The Plant Genetic Resources Unit (PGRU) was the site of a public open house on Saturday, September 18, 2004 in honor of the 50th Anniversary of the USDA’s Agricultural Research Service. The Unit is one of the 33 components of the National Plant Germplasm System, a nationwide cooperative effort by federal, state and private organizations to preserve the genetic diversity of plants, and as such, houses approximately 12,000 vegetable varieties and 5,000 grape, apple and tart cherry varieties. Most of PGRU’s 38 employees were there to lend a hand or answer questions, with help also coming from Josh Tennies and Anna Dellefave (leaf printing), Jan Forsline (Apple Videos) and Mary Jean Welser (liquid nitrogen demonstration). Tours of the orchards, vineyards, rootstock nurseries, apple core collection (a sample of 200 very diverse apples), and the vegetable plantings were experienced by approximately 350 people. In a separate tent, a demonstration of small-scale seed production was on-going throughout the day from the Public Seed Initiative. The only “live” attraction was also under this tent with the famous honey bee observation hive. Children and adults alike are mesmerized by the workings of the honey bee and an unobstructed view of the inside of a hive.
Under the larger tent, there were also: 1) demonstrations of how apple buds are stored in liquid nitrogen as well as the process for propagating trees from these buds by grafting; 2) demonstrations of various ways to propagate and graft apple trees; 3) displays of fruit and vegetable diversity; 4) videos describing PGRU’s work on apple; 5) hands-on DNA extraction; 6) microscopes for looking at grapes with downy-mildew and botrytis fungus; and 7) state-of-the-art research posters in vegetable diversity and fruit breeding and genomics. Connie Rodriguez and Dan Fessenden (Executive Director) of the Ag-Tech Park also joined us with their display and answered many questions regarding the upcoming park.

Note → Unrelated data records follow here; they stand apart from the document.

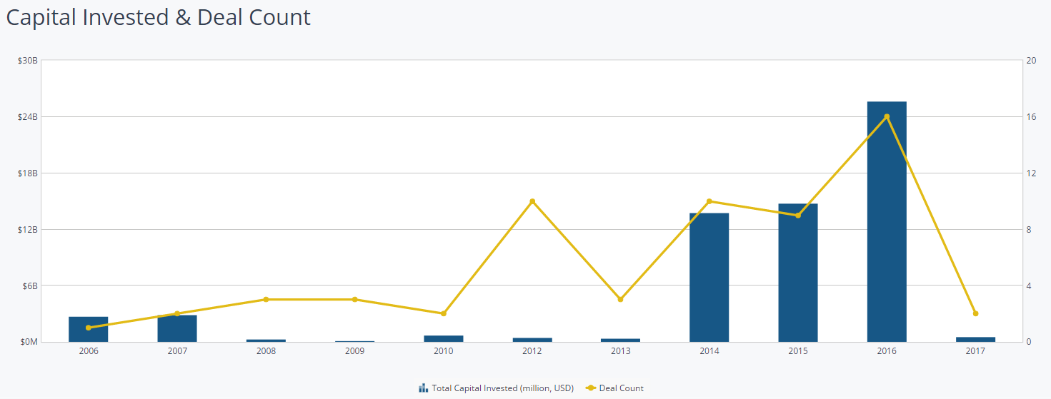 在直投领域,QIA最近三年投资显著增加。2014年以来,QIA的投资进入一个井喷期。2014至2016年3年间,QIA累计投资金额达到540.8亿美元,35宗;平均每个月都有1笔投资。在经历2008年金融危机之后的几年低迷后,QIA迎来一个投资高峰。
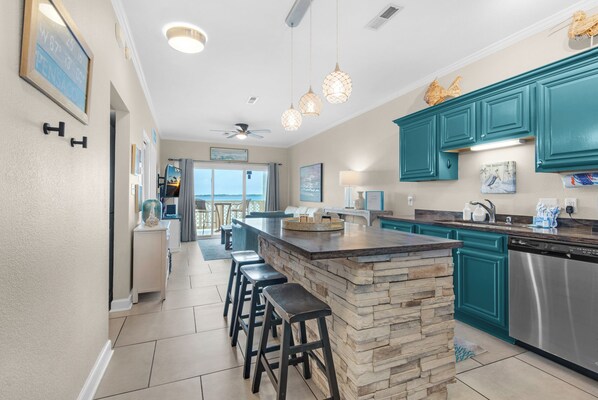 This condo was everything we needed and more. We could walk right downstairs to the water and relax in the morning then get in the van and drive 1 mile to the more public beach area. This condo was so close to so many delicious places to eat. I never return to a place - just because we always want to go somewhere new - but I would definitely return here!
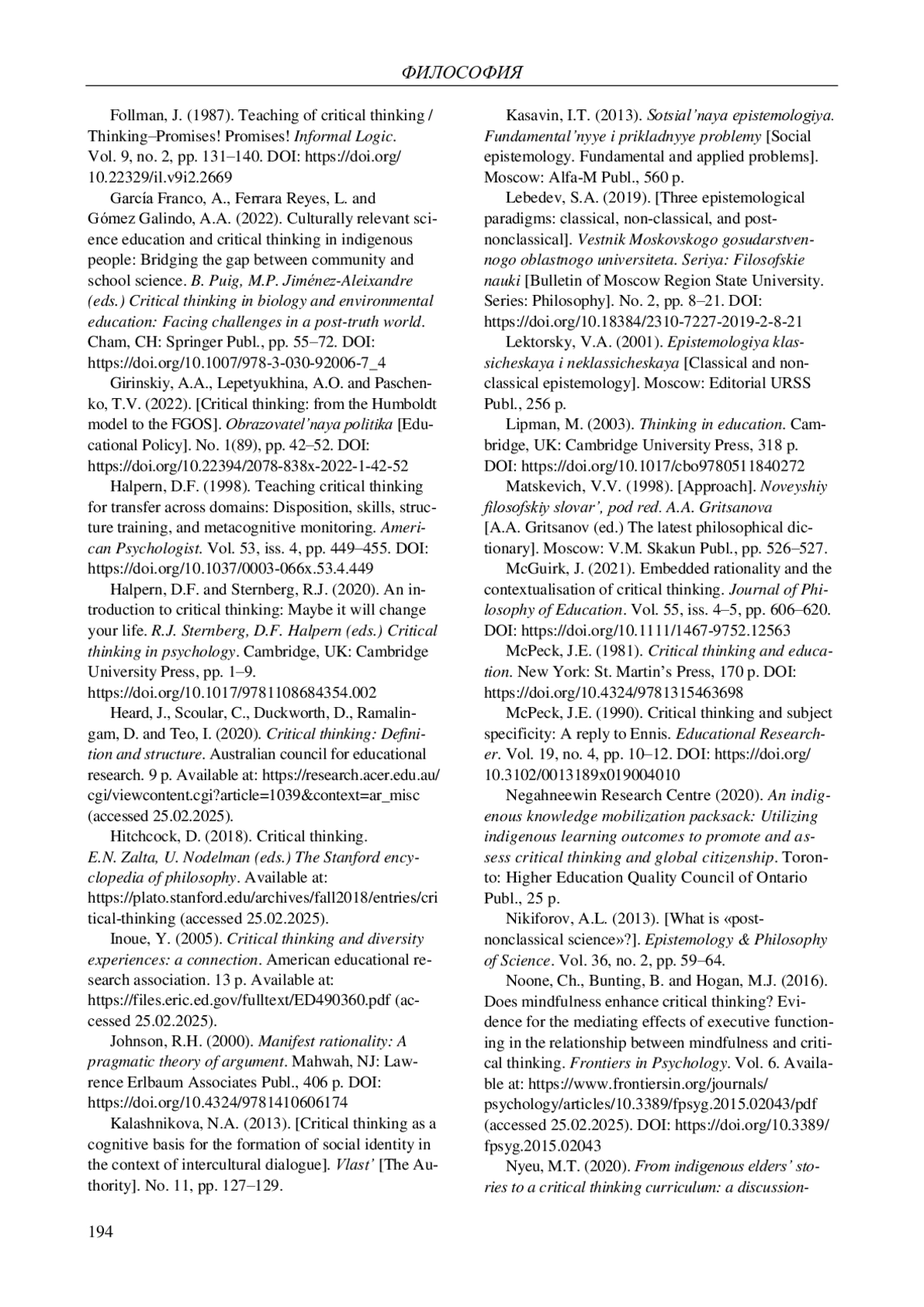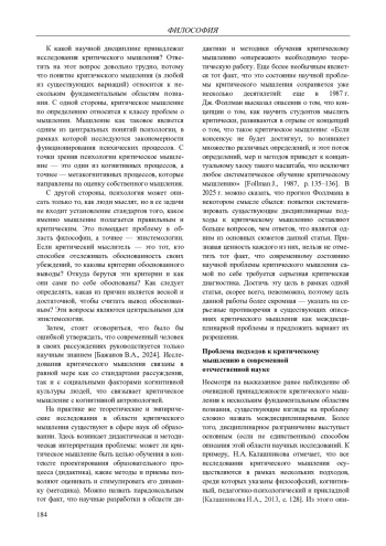 Статья: КРИТИЧЕСКОЕ МЫШЛЕНИЕ КАК МЕЖДИСЦИПЛИНАРНАЯ НАУЧНАЯ ПРОБЛЕМА (2025)
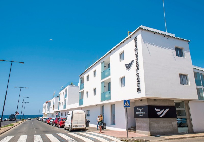Bristol Sunset Beach empfängt Euch am Rand von Corralejo in einer überschaubaren Anlage mit 70 Wohneinheiten, aufgeteilt in mehrere dreistöckige Gebäude. Das Herzstück ist die Dachterrasse mit Chill-out-Zone und Meerblick. Hier sitzt Ihr über den Dächern, spürt die Brise und habt die Abendstimmung der Küste im Blick.
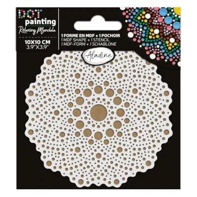 Aladine Mandala Kit 10 cm in Dot Painting Mandalas Set with Stencil & Wooden Stand 85498
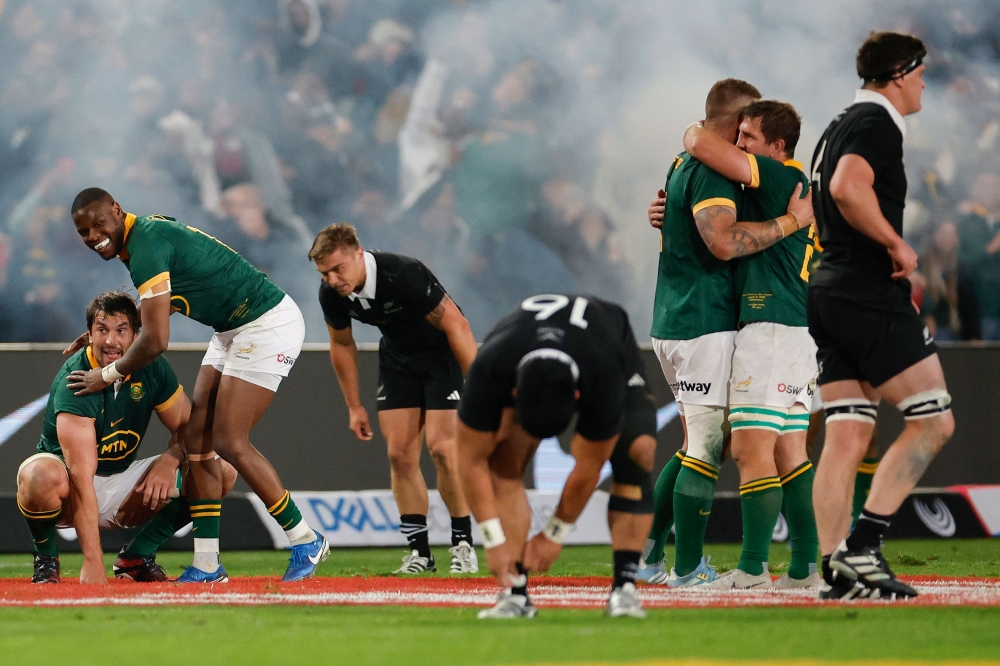 South Africa's loose forward Eben Etzebeth (L) and South Africa's full-back Aphelele Fassi (2nd L) celebrate after South Africa won the Rugby Championship Test match between South Africa and New Zealand at the Ellis Park Stadium in Johannesburg on August 31, 2024. (Photo by PHILL MAGAKOE / AFP)
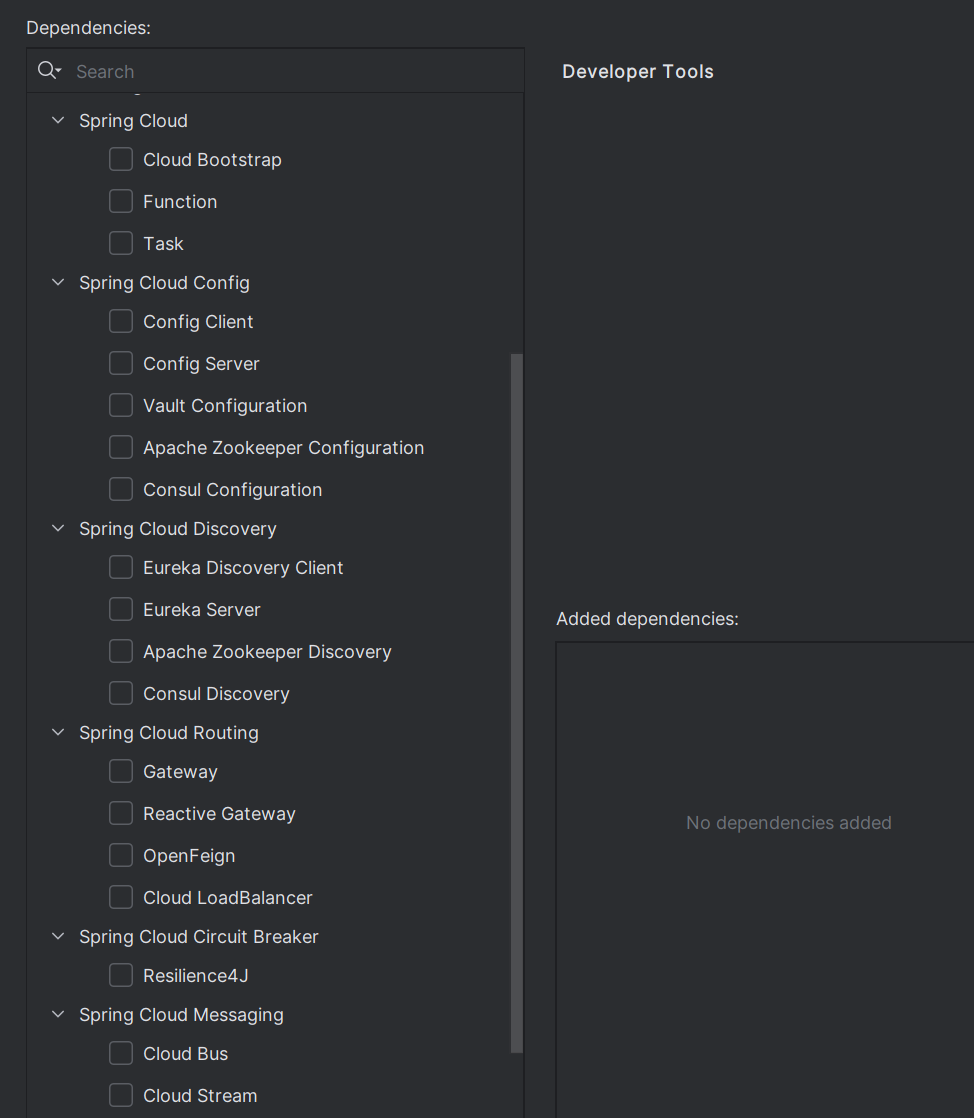 A la hora de crear un proyecto con Spring Cloud, ya sea desde start.spring.io o desde el propio IntelliJ IDEA Ultimate, podemos ver que la lista de starters es extensa y proporcionan diferentes capabilities:

There were four tours that were on-going on an hourly basis: 1) the clonal crops tour given by Phil Forsline show-cased the apple, grape and tart cherry material maintained by the PGRU with emphasis on the wild apple trees with origin in Kazakhstan that are now fruiting; 2) the vegetable crops tour with Dave Sharman, Paul Kisly and Dr. Larry Robertson show-cased the cabbage, onions and tomatoes regenerated this year; 3) the rootstock breeding tour given by Todd Holleran explained the apple rootstock breeding program of Dr. Gennaro Fazio; and 4) Bill Srmack gave the apple core collection tour with the “blue apple” question coming up the most! (This relates to the many people in attendance that had read “The Botany of Desire” by M. Pollan where the blue apple, which is actually has reddish-purple flesh, is mentioned).
Many thanks go to the Communications Department for their help and many ideas to organize and promote the event; design the artwork, create the database for web registrations and record the day by photographing various events. Thanks also to Buildings and Properties in setting up tents and barricades, putting up signs, running water and electric, providing security, and making sure the grounds looked as good as they always do. Thanks to everyone else that helped in any way, big or small.